Skip the images; return every entry exactly.
*** Opening of Material provided ***
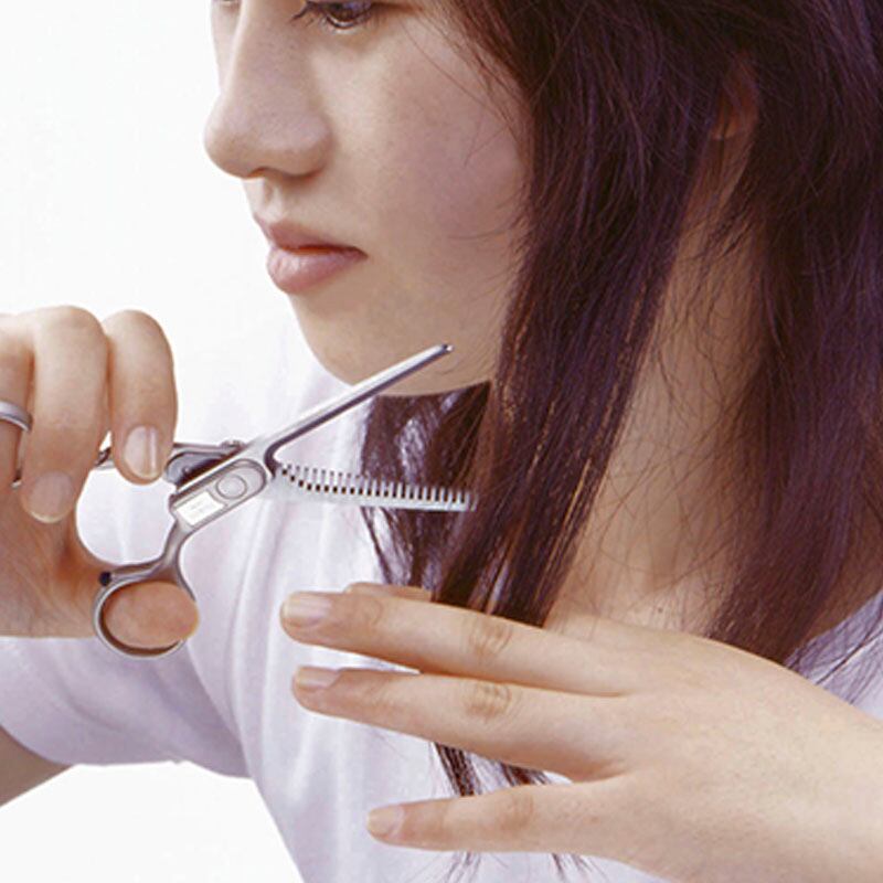 ●ネジは微妙な切れ味を調節し好みの調子を保つ調整式になっています。※極端なネジの締めつけや、ゆるめすぎはハサミの調子を落とし切れなくなる原因にもなりますので調節の際は十分御注意ください。また、ネジをはずしての分解は組み立てられなくなったり、組み立てても切れなくなるおそれがありますので絶対にやめてください。<こんな時に・・・>・髪の量を減らしたい・毛先をぼかしたい・自然な丸味をもたせたい
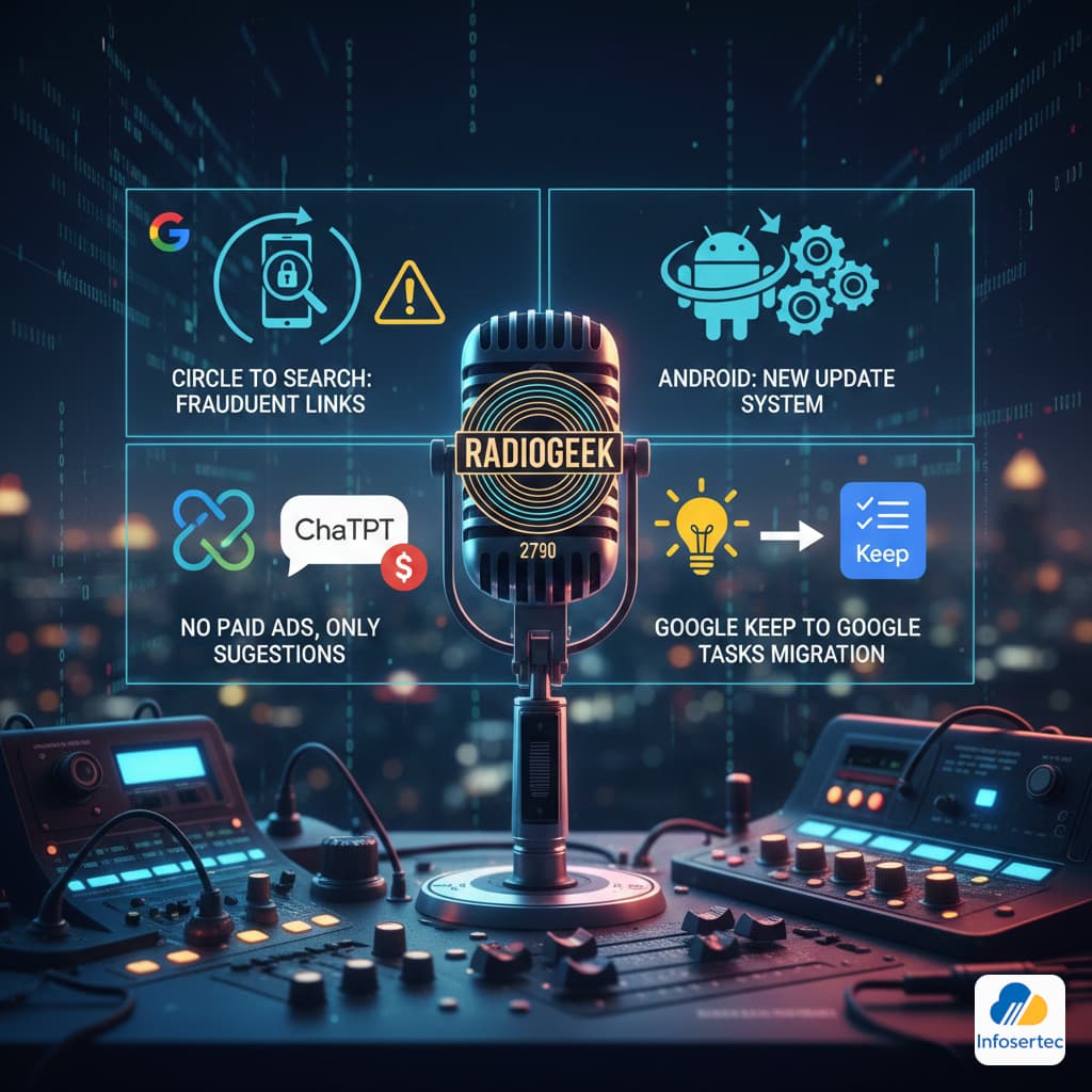 El programa 2790 de Radiogeek, les habló de varios temas importantes. Google hoy confirmo que podemos utilizar Circle to search, para encontrar enlaces fraudulentos, además confirma un nuevo sistema de actualizaciones en Android, por otro lado tenemos que OpenAI, confirma que ChatGPT no tiene publicidad, al menos paga y que solo son sugerencias y por último Google Keep empieza la migración hacia Google task.
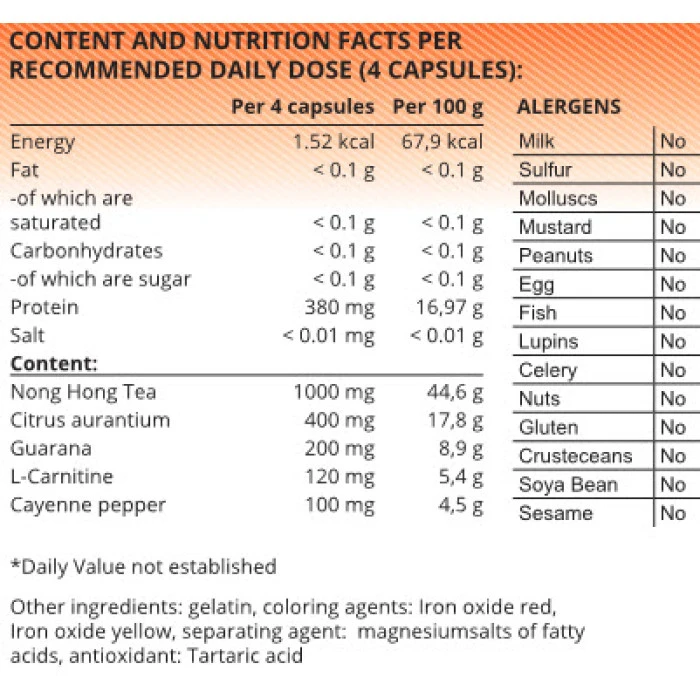 Препоръки за употреба: 2 капсули 2 пъти на ден, за предпочитане в първата половина на деня – сутрин и към обяд, с много вода. Състав: Нинг хонг чай, горчив портокал /Citrus aurantium/, гуарана, Л-карнитин, лют червен пипер, желатин, оцветители: железен оксид червен, железен оксид жълт, антислепващ агент: магнезиеви соли на мастните киселини /Е470b/, антиоксидант: винена киселина Е 334.
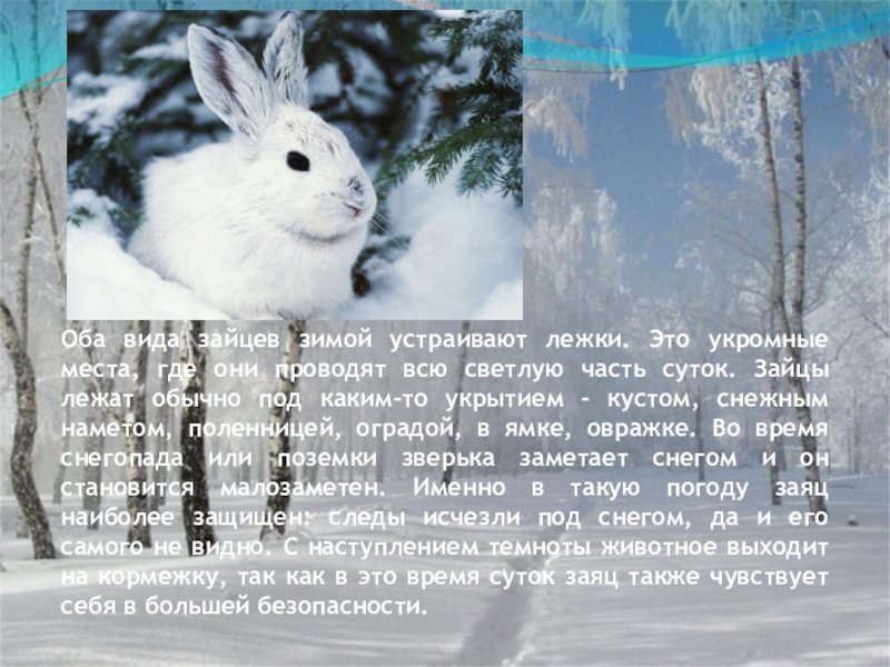 Оба вида зайцев зимой устраивают лежки. Это укромные места, где они проводят всю светлую часть суток. Зайцы лежат обычно под каким-то укрытием - кустом, снежным наметом, поленницей, оградой, в ямке, овражке. Во время снегопада или поземки зверька заметает снегом и он становится малозаметен. Именно в такую погоду заяц наиболее защищен: следы исчезли под снегом, да и его самого не видно. С наступлением темноты животное выходит на кормежку, так как в это время суток заяц также чувствует себя в большей безопасности.
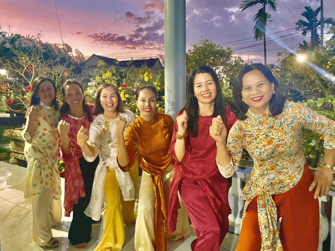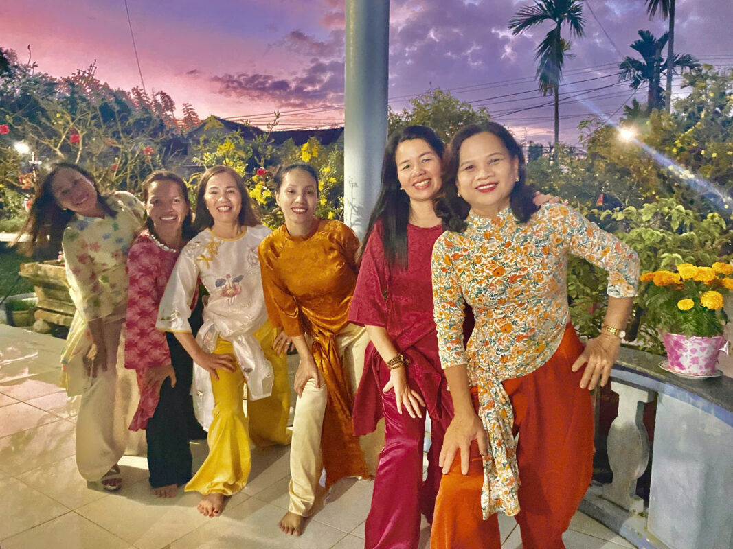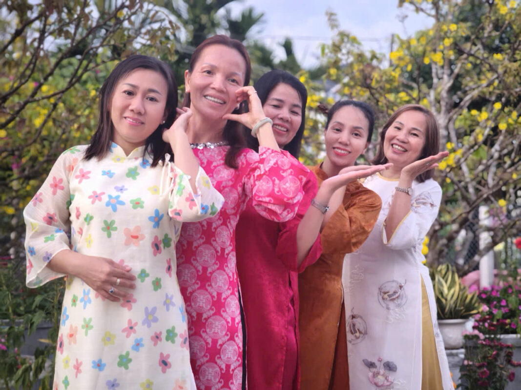 Trong tiết trời hanh nắng nhẹ, bầu không khí trong lành và dịu êm của miền quê đầu xuân, phụ nữ phái đẹp nơi đây đã cùng nhau khoác lên mình những tà áo dài rực rỡ sắc màu, ghi lại những khoảnh khắc đáng nhớ giữa không gian làng quê trù phú. Từ sắc đỏ may mắn, vàng tươi phú quý đến xanh ngọc dịu dàng hay tím thủy chung, mỗi tà áo dài như một đóa hoa xuân góp phần làm nên bức tranh Tết sống động và đầy cảm xúc.
*** Close of Material provided ***
Response below —
 ●ネジは微妙な切れ味を調節し好みの調子を保つ調整式になっています。※極端なネジの締めつけや、ゆるめすぎはハサミの調子を落とし切れなくなる原因にもなりますので調節の際は十分御注意ください。また、ネジをはずしての分解は組み立てられなくなったり、組み立てても切れなくなるおそれがありますので絶対にやめてください。<こんな時に・・・>・髪の量を減らしたい・毛先をぼかしたい・自然な丸味をもたせたい
 El programa 2790 de Radiogeek, les habló de varios temas importantes. Google hoy confirmo que podemos utilizar Circle to search, para encontrar enlaces fraudulentos, además confirma un nuevo sistema de actualizaciones en Android, por otro lado tenemos que OpenAI, confirma que ChatGPT no tiene publicidad, al menos paga y que solo son sugerencias y por último Google Keep empieza la migración hacia Google task.
 Препоръки за употреба: 2 капсули 2 пъти на ден, за предпочитане в първата половина на деня – сутрин и към обяд, с много вода. Състав: Нинг хонг чай, горчив портокал /Citrus aurantium/, гуарана, Л-карнитин, лют червен пипер, желатин, оцветители: железен оксид червен, железен оксид жълт, антислепващ агент: магнезиеви соли на мастните киселини /Е470b/, антиоксидант: винена киселина Е 334.
 Оба вида зайцев зимой устраивают лежки. Это укромные места, где они проводят всю светлую часть суток. Зайцы лежат обычно под каким-то укрытием - кустом, снежным наметом, поленницей, оградой, в ямке, овражке. Во время снегопада или поземки зверька заметает снегом и он становится малозаметен. Именно в такую погоду заяц наиболее защищен: следы исчезли под снегом, да и его самого не видно. С наступлением темноты животное выходит на кормежку, так как в это время суток заяц также чувствует себя в большей безопасности.
 Trong tiết trời hanh nắng nhẹ, bầu không khí trong lành và dịu êm của miền quê đầu xuân, phụ nữ phái đẹp nơi đây đã cùng nhau khoác lên mình những tà áo dài rực rỡ sắc màu, ghi lại những khoảnh khắc đáng nhớ giữa không gian làng quê trù phú. Từ sắc đỏ may mắn, vàng tươi phú quý đến xanh ngọc dịu dàng hay tím thủy chung, mỗi tà áo dài như một đóa hoa xuân góp phần làm nên bức tranh Tết sống động và đầy cảm xúc.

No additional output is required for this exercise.